I don't do GPGPU stuff but my layman's assumption was that shipping data to the GPU was an expensive operation. Sending a ton of IO from "data lakes"[+] to the GPU to do trivial comparisons seems like the worst case scenario?
+: Ddoes that term annoy anyone else? It's just a hoarder's impression of a database...
You say trivial comparisons but that is a pretty reductionist view of what a database can do. I assure you there are more than trivial comparisons going on. Distributed joins, aggregations, and even sorting is not a trivial comparison.
So how can the GPU help?
1. Data in datalakes is often compressed. These compression schemes are often amenable to being decompressed directly on the GPU. It is faster for most columnar compression schemes we see in files like Parquet and ORC to be decompressed on the GPU rather than on the CPU.
2. There are many distributed caching strategies which would let you make fewer and fewer requests directly to your data lake. If you are really clever, you might even decide to store a more compressed representation in your cache than the actual files you are reading from. This was not so difficult to do for data formats that already come in chunks like Parquet and ORC.

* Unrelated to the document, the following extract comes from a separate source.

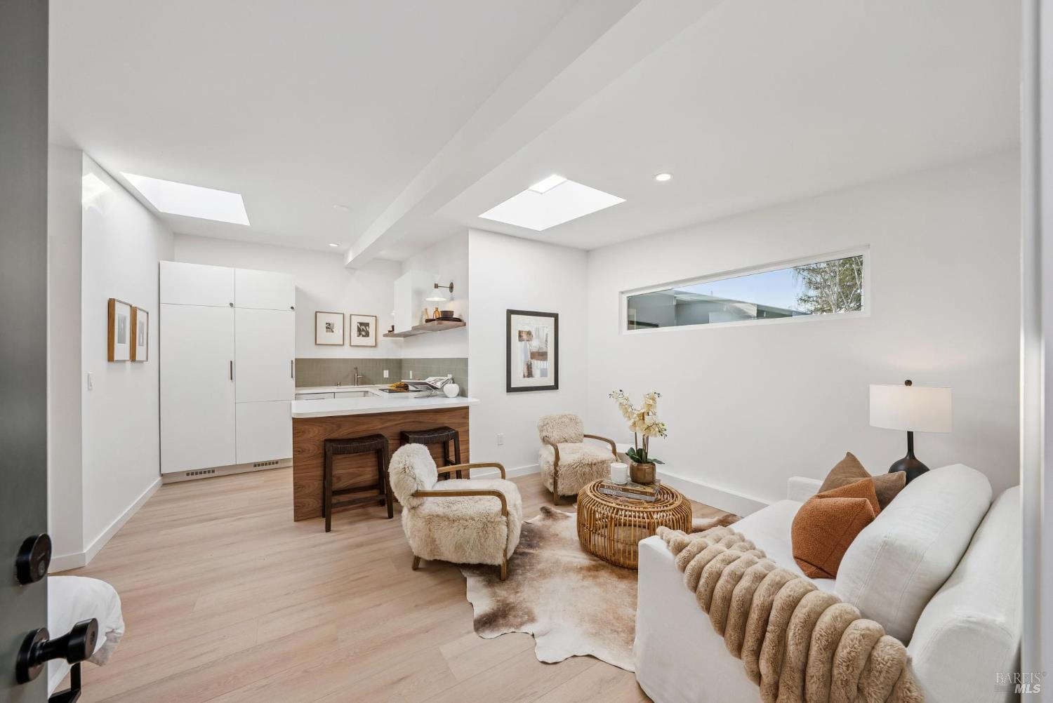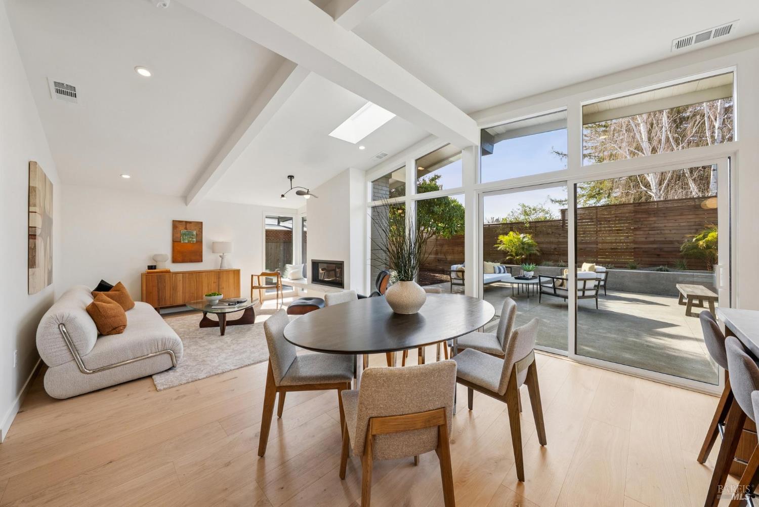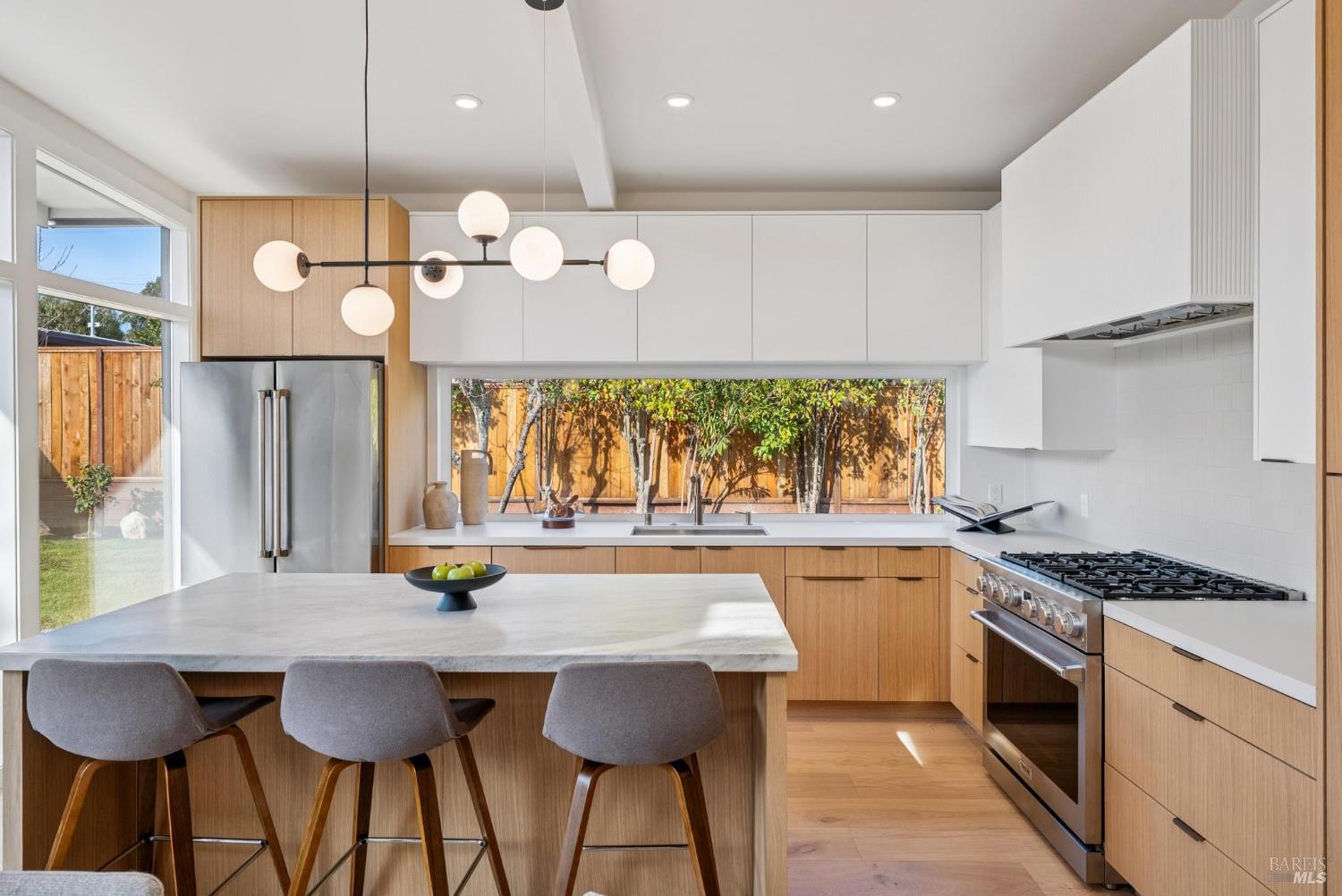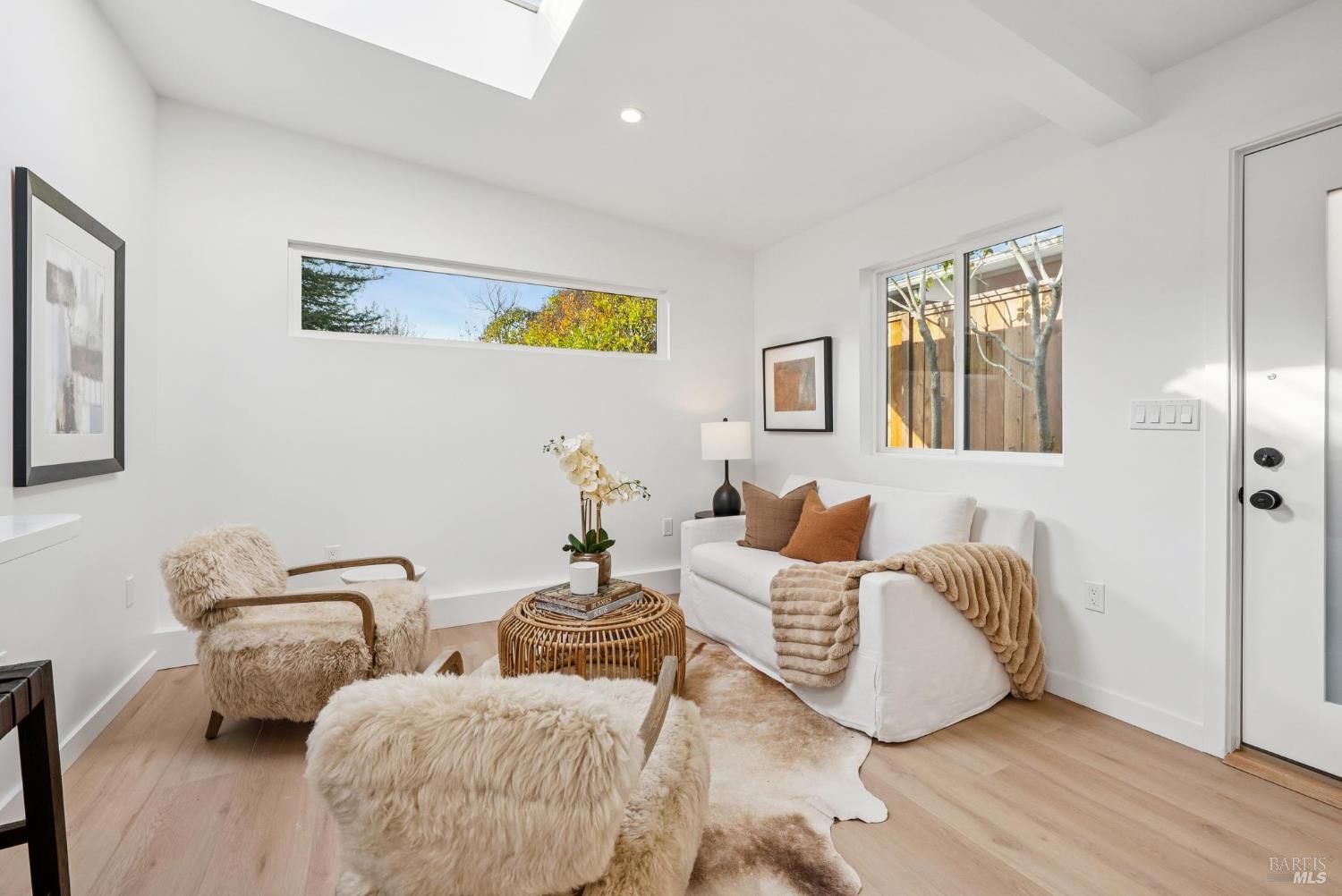 Meticulously remodeled Alliance-built home + spectacular ADU! The 1468 sqft main home has 4 beds + 2 baths w/ highly coveted upgrades such as custom light fixtures, added storage, a full service laundry room & central HVAC system. Soaring ceilings & strategically placed skylights throughout the home bathe the interior in natural light enhancing the sense of volume & architectural clarity. The living room showcases a sleek gas fireplace w/ custom floating quartzite bench creating a striking focal point & warm atmosphere. The spacious kitchen is anchored by a Dolomite marble-topped island & encompassed by contemporary white oak cabinetry, Caesarstone counters & a stunning fluted hood over the THOR gas range. Subtle luxuries including a dedicated coffee nook, integrated charging drawer, pop-up outlets & handcrafted tile backsplash that add a level of refinement to everyday living. These spaces are seamlessly connected by the vast wall of glass creating the iconic indoor/outdoor environment that this architecture is rooted in. The magazine-worthy bathrooms create a spa-like sensibility that are sure to win you over. The primary en-suite encompasses you w/ soothing textures such as the floor-to-ceiling tile work, an expansive curbless walk-in showers w/ travertine flooring & ample counter space above the floating teak double vanity, while the hall bath boats Moroccan limestone floors & Carrara marble vanity top. The fully upgraded 388 sqft ADU w/ studio style living + full modern bath echoes the sophistication of the main house featuring a sleek kitchen, all new appliances & new mini-split system creating the perfect space for an au pair, in-laws or a rental opportunity. The new fencing, foam roof & freshly poured concrete establish long-term function, while lush landscaping softens the exterior. From the verdant lawn to the mature orange tree, every exterior space of this home is as refined as it is relaxed. Centrally located in Terra Linda, this home offers a peaceful neighborhood setting w/ easy access to Highway 101, local shops & dining. Anyone seeking an intentionally designed move-in-ready home needs to look no further than 319 Holly Dr.

What workloads is it good for?
Ones where the consumer will be a distributed solution that runs on GPUs, a non distributed GPU solution coordinated by a tool like DASK, or even a single node solution where the user is going to be using other tools from the rapidsAI ecosystem. You use this if you are already leveraging the GPU for your workloads and want to reduce the timeline of getting data from where it lies, to the GPU.

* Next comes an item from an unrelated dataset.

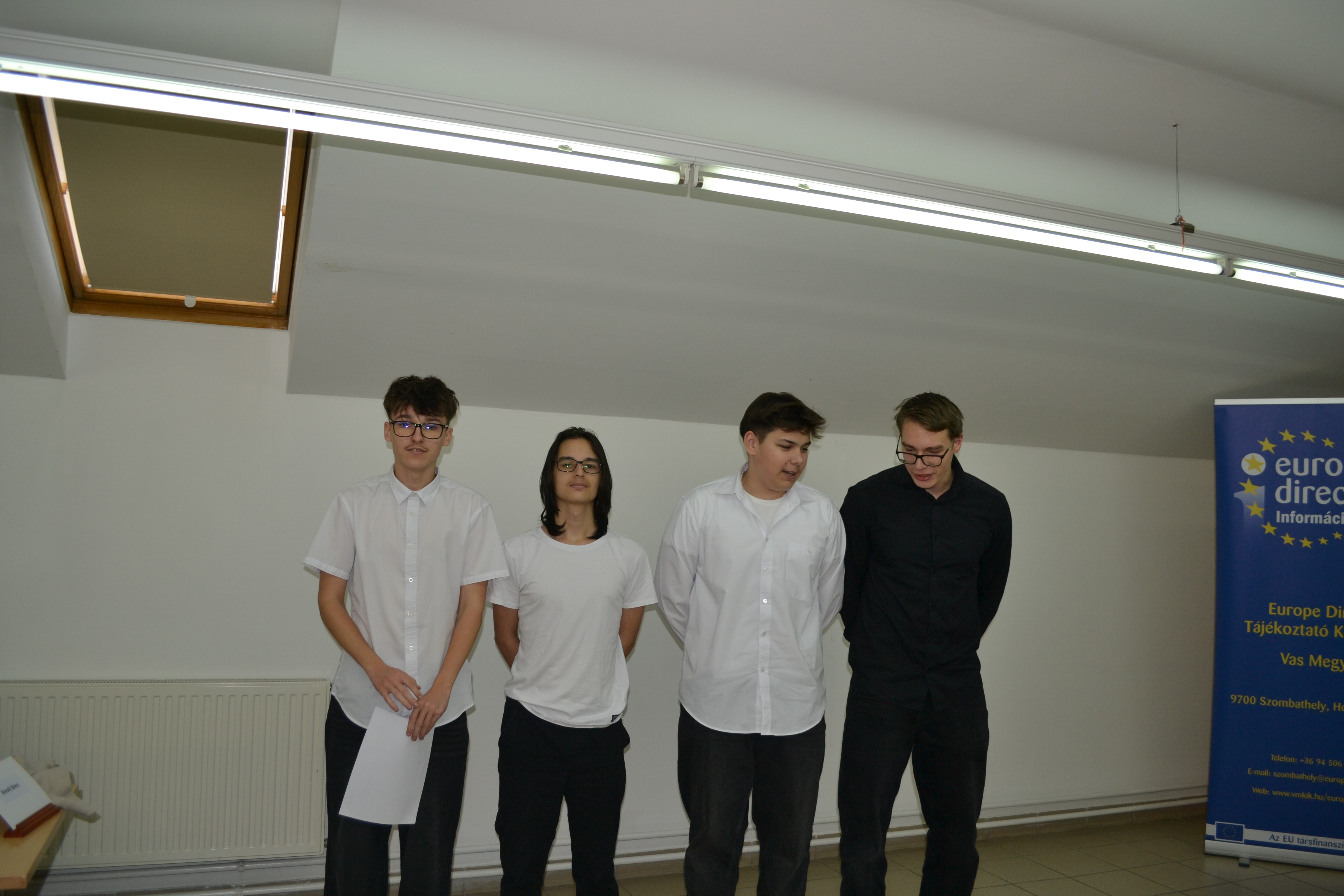 A regionális döntőt a szombathelyi Nagy Lajos Gimnázium csapata nyerte. Felkészítő tanár: Dr. Vigné Csordás Rita

I'll let the BlazingSQL guys answer the workloads question, but yeah, copying data to the GPU (host -> device) is an expensive operation, and it has to be justified.
With SQream DB (disclaimer: am a developer on SQream DB), we make decisions in the query compiler and optimizer if we want to copy data over to the GPU, or keep it in CPU for processing. The optimizer will know if it makes sense.
For example, when you're doing heavy transforms (eg. `SELECT (SQRT(POWER(x,2)+44)/w+RADIANS(COS(y)*z)) FROM t`), it may make sense to have it in the GPU anyway.
Copying data to the CPU (peripheral -> host) is expensive too, and it's perfectly possible to just replace peripheral -> host with peripheral -> device. I don't know if that is what blazingsql does, but it shouldn't be discounted.
There are three cases to consider here for dividing up the data.
1. Data coming from the user in Python
this can be large or small, if it is large you can partition it amongst the nodes, if small you can just let every node have a copy, what is large or small depends on the size of your nodes, the interconnect, etc.
2. Data that resides in the datalake
You can partition the dataset by dividing up the files and having each node perform the i/o necessary to retrieve that data and start processing it
3. Data that resides in previous distributed result sets
this is great because well its already partitioned for you. If you have some nodes with large percentages of the result set you might make those partitions
So thats just for getting the query started. After that there are loads of operations that are not trivial to distribute. ( distributiong a + b is a heck of a lot easier than doing a distributed join). To reduce the amount of coordination we need between nodes something we do is sample before execution and generate partitioning strategies that will allow each node to PUSH its information to another node whenever this is required. This is much simpler than trying to coordinate distribution during the execution phase and allows every node to keep moving its process forward.